Your instructions: Quote exactly, and only, the lines from the one containing "Calidad de la" through the end of the material below. Skip pictures.

-- Dataset extract follows --

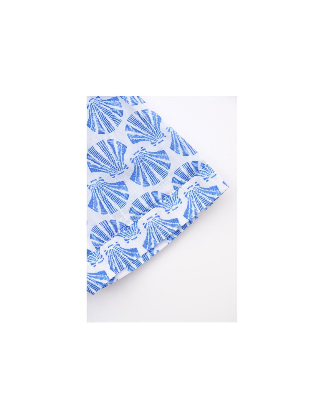Blusa o camisa para mujer con estampado de conchas confeccionada en tejido de algodón muy ligero. Esta blusa tiene escote en pico con dos cordones azules.
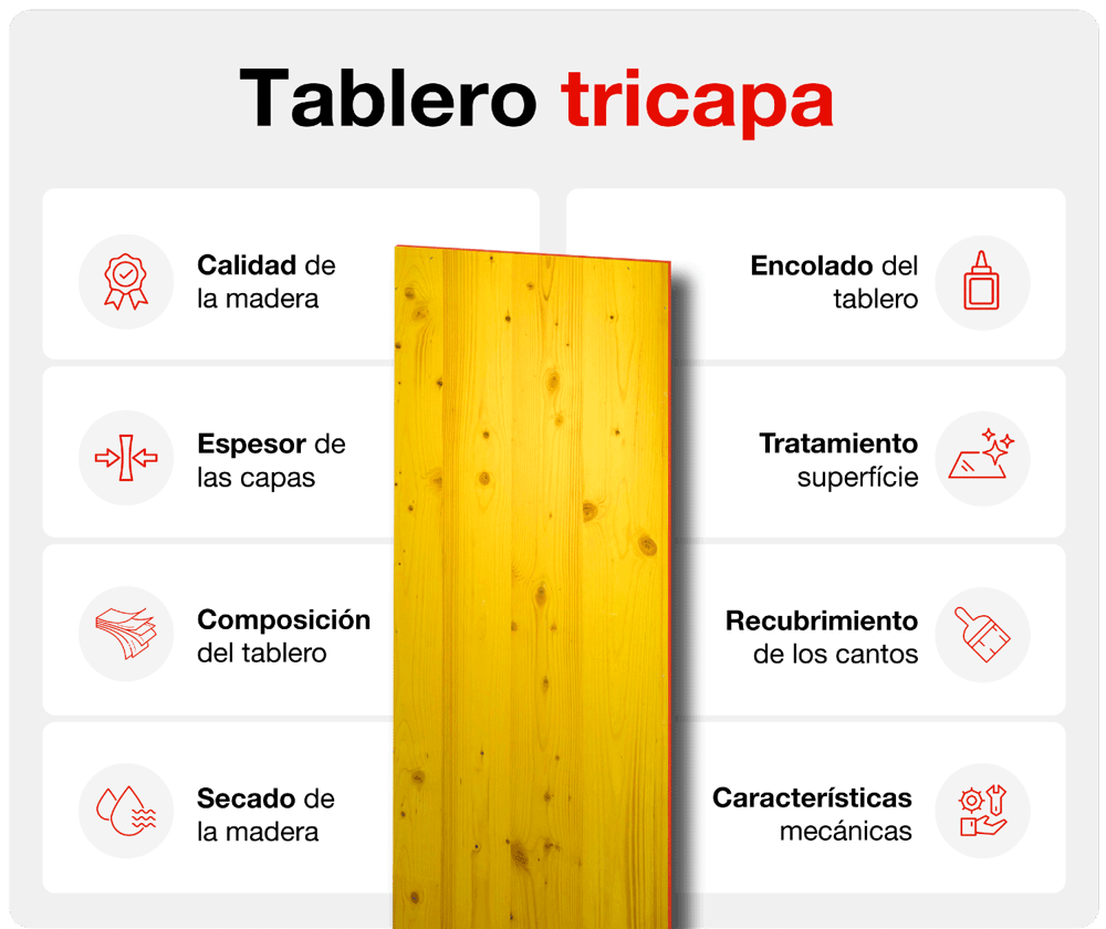 Calidad de la madera La elección de la madera en los tableros tricapa es un factor determinante en su calidad, resistencia mecánica, estabilidad dimensional y número de reutilizaciones.
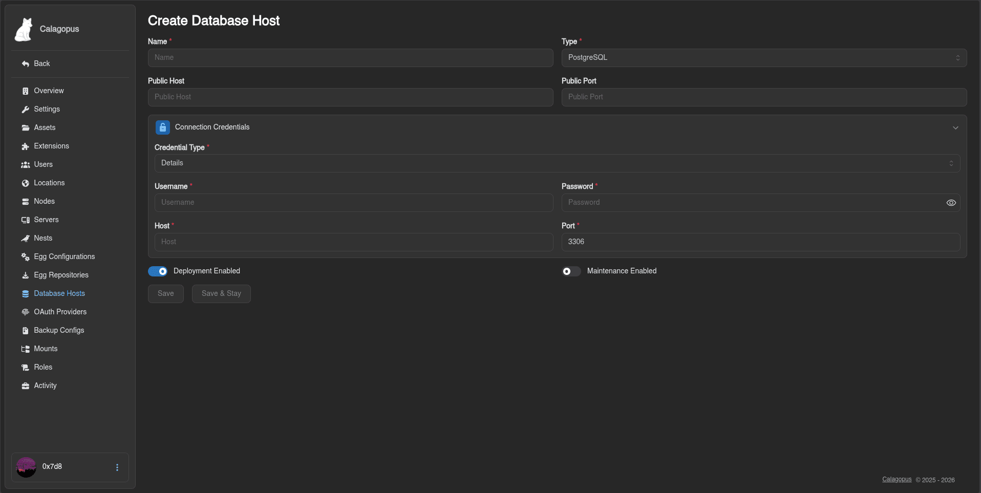 This guide explains how to install and configure a PostgreSQL database server to use as a database host in the Calagopus Panel. Once set up, your users will be able to create databases for their game servers directly from the panel.

-- Dataset extract concluded --

Answer to this task:
 Calidad de la madera La elección de la madera en los tableros tricapa es un factor determinante en su calidad, resistencia mecánica, estabilidad dimensional y número de reutilizaciones.
 This guide explains how to install and configure a PostgreSQL database server to use as a database host in the Calagopus Panel. Once set up, your users will be able to create databases for their game servers directly from the panel.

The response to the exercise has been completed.